Potassium feldspar (K-feldspar) is a common rock-forming mineral found in igneous intrusions world-wide. While most igneous intrusions contain K-feldspar (<1cm), relatively few intrusions have exceptionally large crystals (>4cm –megacrystic). By studying the petrography and geochemistry of these megacrystic K-feldspars, we hope to gain a better understanding of the physio-chemical environment in which these crystals were formed.
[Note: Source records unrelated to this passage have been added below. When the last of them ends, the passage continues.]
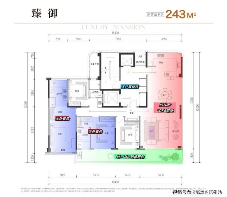 “两梯一户”+“双入户动线”的配置,从进门就开始功能分区,舒适尊贵。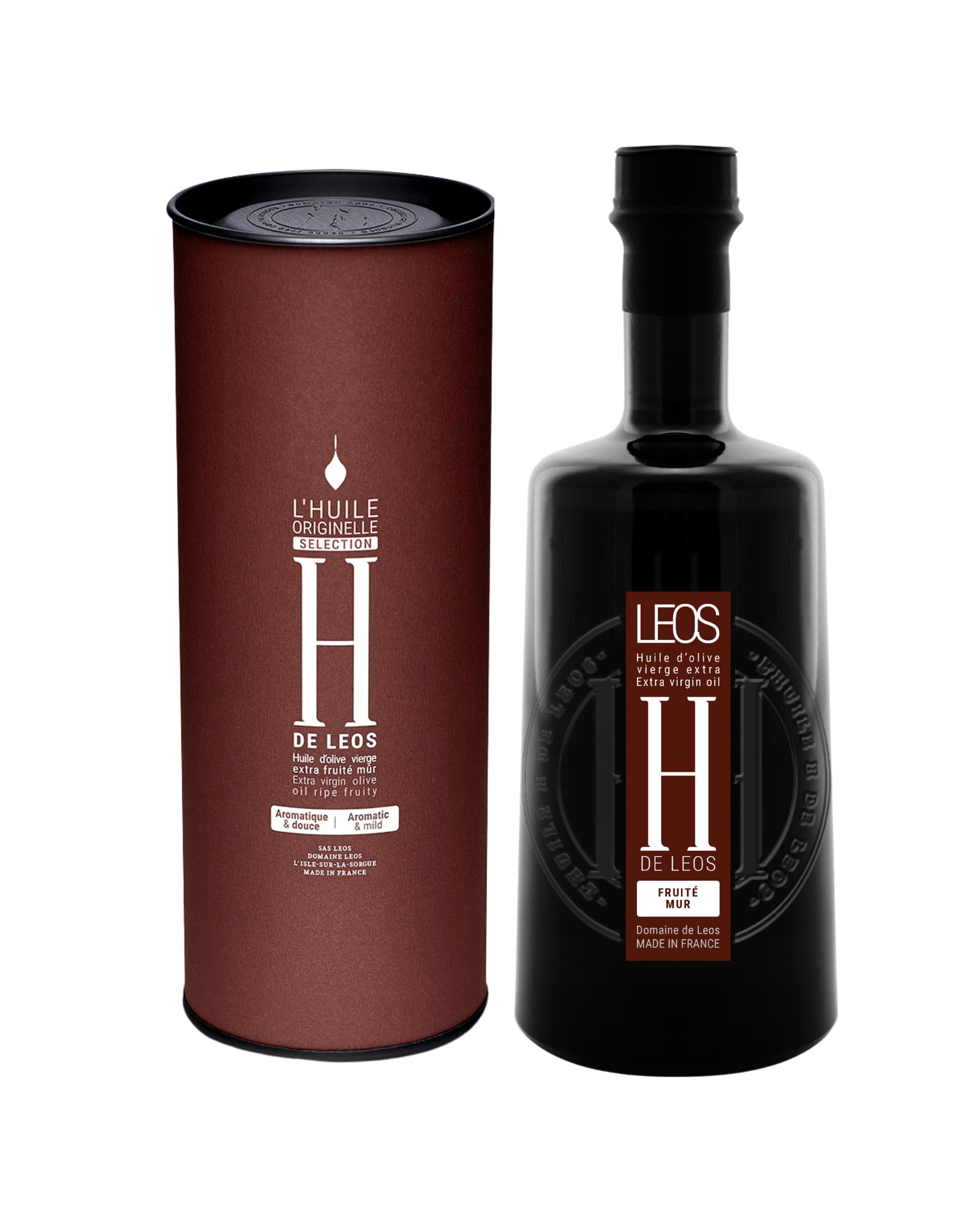 LEOS - Huile d'Olive Vierge Extra - H DE LEOS - Fruité Mûr - Multimedaillée - avec étui - Provence - Made in France (500ml)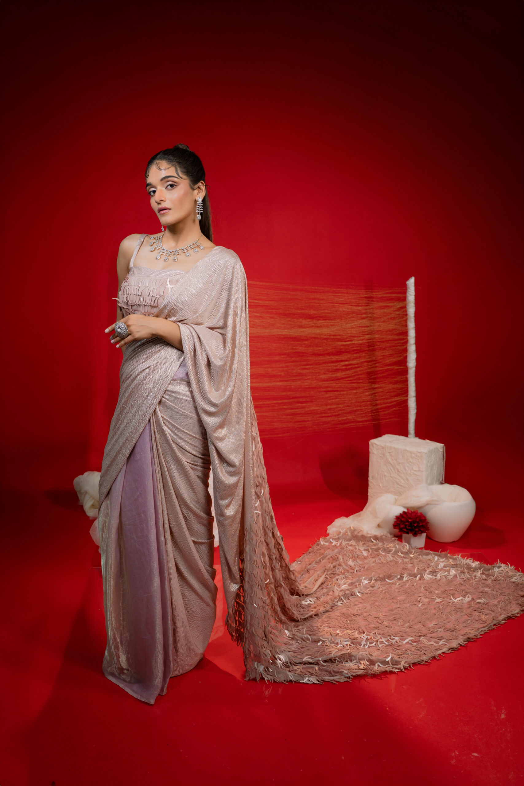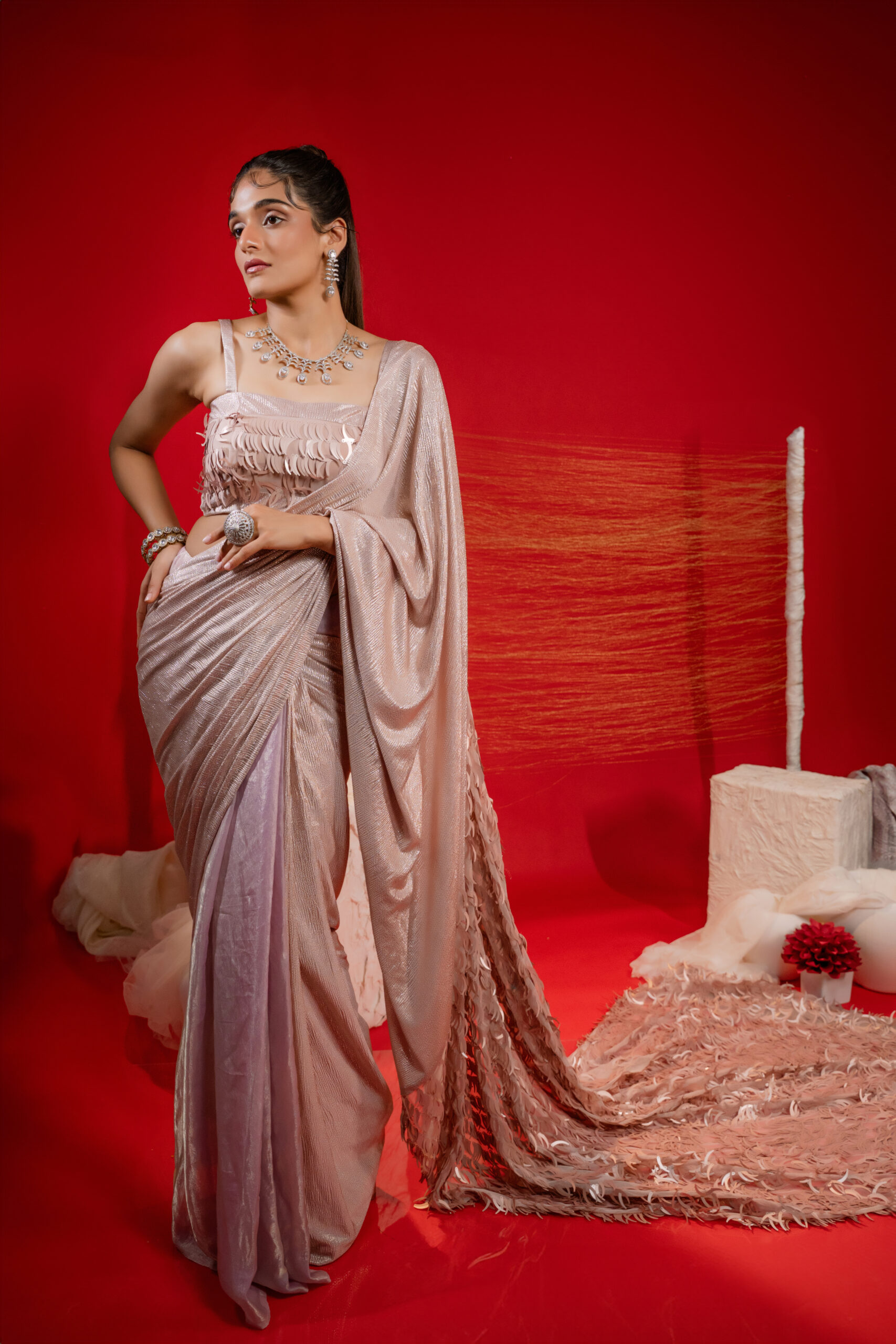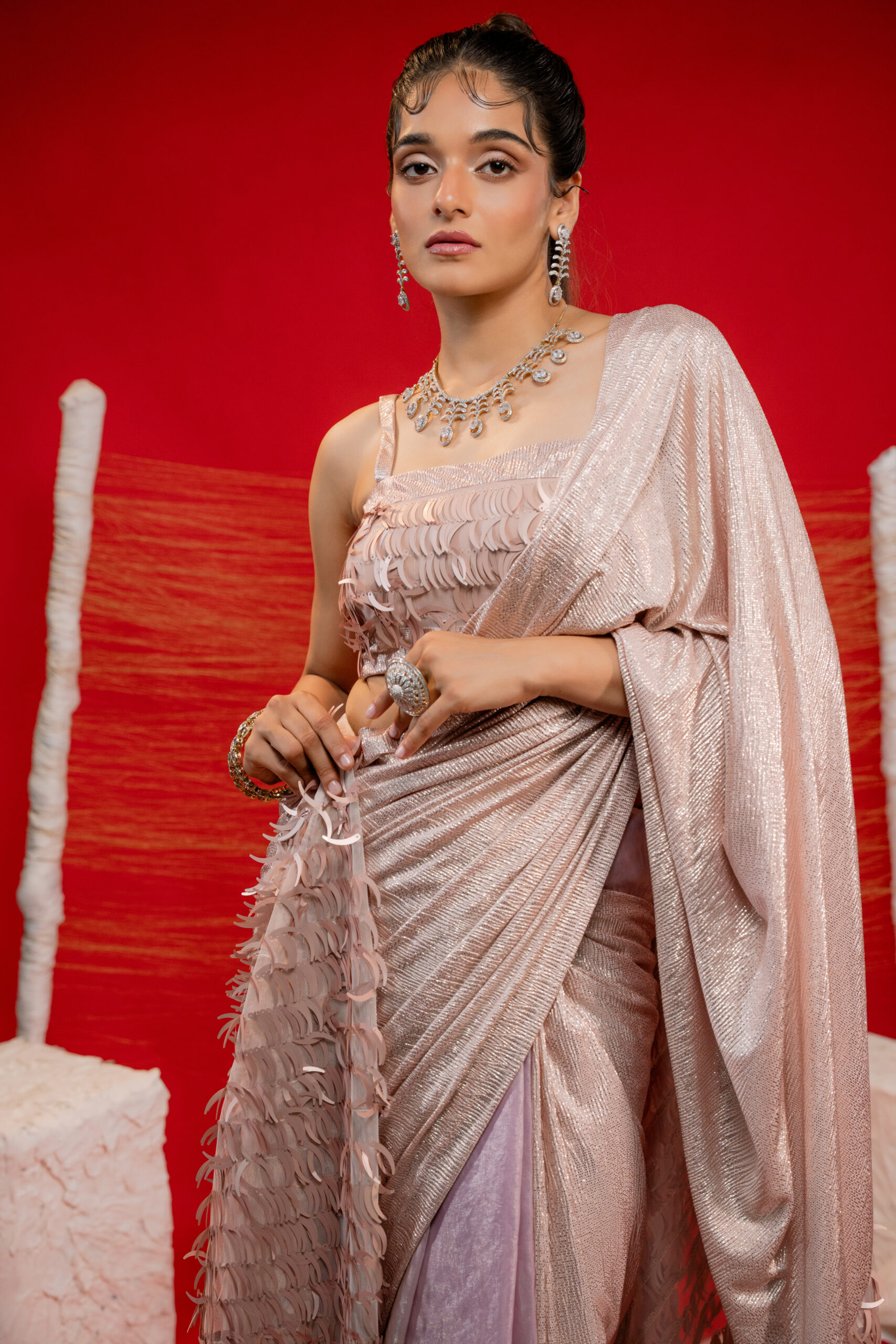 ELEGANTLY CRAFTED USING TISSUE, SHIMMER, AND EMBROIDERED FABRICS, THIS SAREE BLENDS TEXTURES BEAUTIFULLY FOR A LUXURIOUS AND MODERN FESTIVE LOOK.

This study focuses on a suite of megacrystic K-feldspars from the Granite Peak stock in northwestern Nevada. Petrographic observations indicate that all of the crystals are euhedral in shape, contain complex zonation boundaries, sectoral zoning, and abundant inclusions (quartz, plagioclase, biotite, Fe-Ti oxides, apatite, and zircon). Many of the inclusions are preferentially oriented with their long-axis parallel to zonation boundaries. EPMA data reveals that the host megacryst is primarily orthoclase (~An80 - An90), while the plagioclase inclusions are predominately andesine (~An30 – An50) with oligoclase to albite rims (~An5 to An17). EPMA data also indicates that the plagioclase inclusions are regularly zoned with Ca-rich cores (4.24 - 7.79 wt%) and Na-rich rims (9.02 - 11.79 wt%). Image analysis of a Granite Peak stock outcrop demonstrates a preferential orientation of the megacrysts (N =107) with an average NW to SE direction, suggesting that megacrysts were free to rotate into alignment during their formation. Geochemical analyses obtained by μ-XRF reveal that zonation boundaries are correlated with Ba content (0 - 2.35 wt%). Other notable trace elements include: Rb (0 - 80 ppm), Sr (0 - 287 ppm), Zr (0 – 339 ppm), and Ce (0 – 3842 ppm). These data can help us better understand the system in which these crystals were forming and why these crystals grew so large. With distinct Ba zonation patterns, regular zoning within plagioclase inclusions, and the presence of igneous microstructures (no observed sub-solidus deformation), the megacrysts appear have a magmatic origin.